GLA Land and Property (GLAP) is a subsidiary company of the Greater London Authority, holding land and other property on behalf of the Greater London Authority, under the direction of the Mayor of London.

==Formation==
The Localism Act 2011 required that the assets and liabilities of the LDA should be transferred to the Greater London Authority, and GLA Land and Property was established to take on that responsibility.

==Functions==
It was formed on 1 April 2012 as a replacement for the London Development Agency (LDA) as an arm's length corporate body to take on the assets of the LDA and other agencies, under the direction of the Mayor of London. It is one of the largest public sector landowners in London and its primary aims are to create jobs and housing. GLAP is headquartered in Windsor House, Westminster in the offices used by Transport for London.

=== Land holdings ===
As of 2026, the company holds 635 ha of land in Greater London. These land holdings transferred from the London Development Agency, London Thames Gateway Development Corporation (not including Queen Elizabeth Olympic Park) and the London part of the Homes and Communities Agency. The most significant single asset of GLAP is the Greenwich Peninsula a high proportion of the land is in East London. In addition to the land owned by GLAP, the Greater London Authority owns the considerable property portfolios of the London Fire Brigade, Metropolitan Police Service and Transport for London.

=== Schemes ===
GLAP has a goal of delivering 68,000 homes on its land by 2041.

==Governance==
The steering board that makes decisions for GLAP contains the chief of staff to the Mayor of London, and the Deputy Mayor of London for Housing, Tom Copley.

GLAP is held by a holding company called Greater London Authority Holdings Limited, created at the same time. Greater London Authority Holdings Limited does not trade and has no other subsidiaries.

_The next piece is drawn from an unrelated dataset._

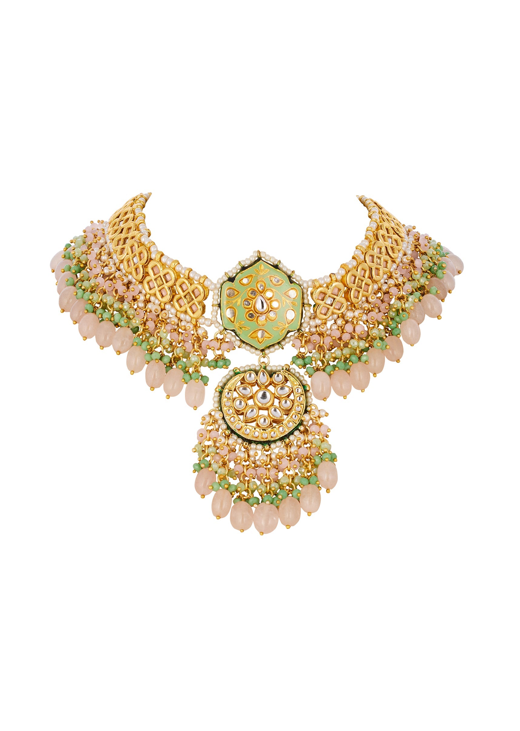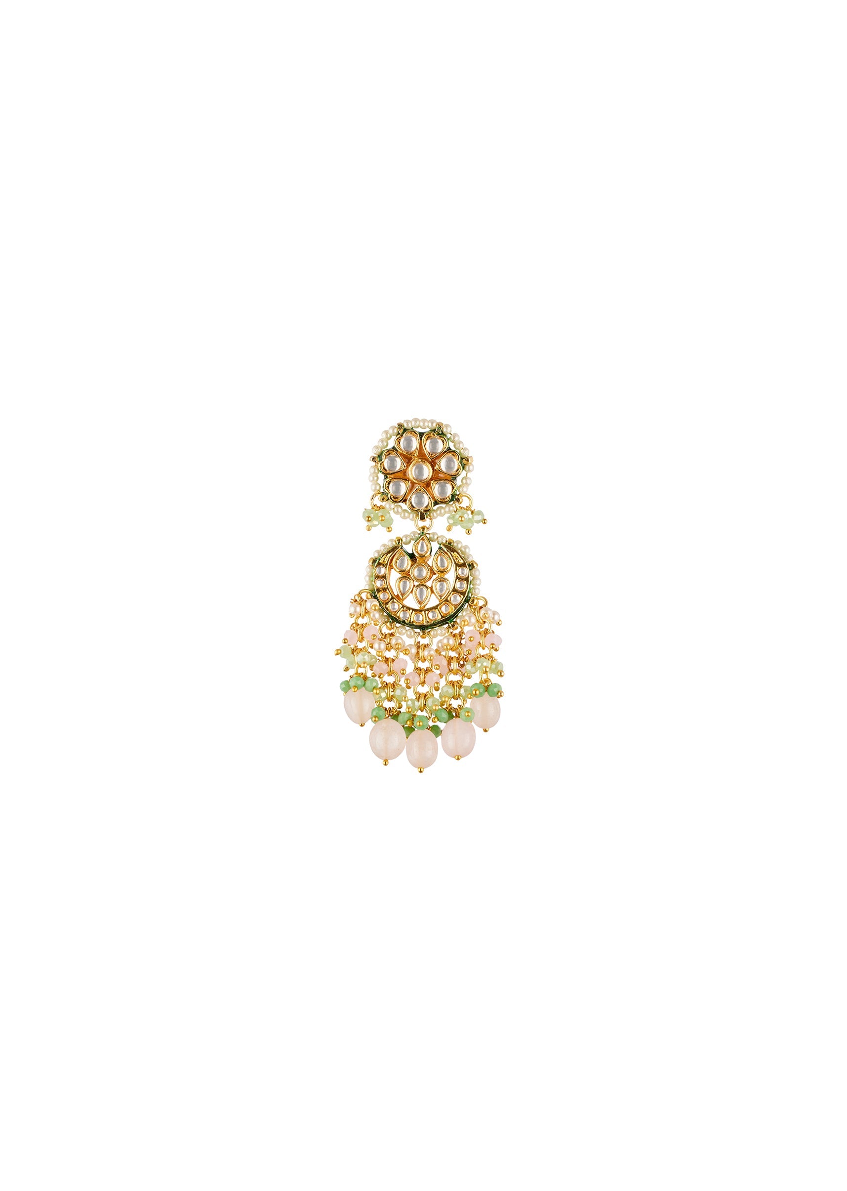 Green and Gold Traditional Kundan Chandbali Necklace Set with Faux Pearl

GLAP is not permitted to borrow directly from the Public Works Loan Board, but the Greater London Authority can borrow on its behalf. This was needed because GLAP inherited a borrowing requirement of approximately £300m from the LDA. The liabilities transferred from the LDA include the costs of the compulsory purchase of land for the 2012 Olympic and Paralympic games. It is anticipated this will be repaid from the sale of other assets.

GLAP has been criticised for not paying back loans.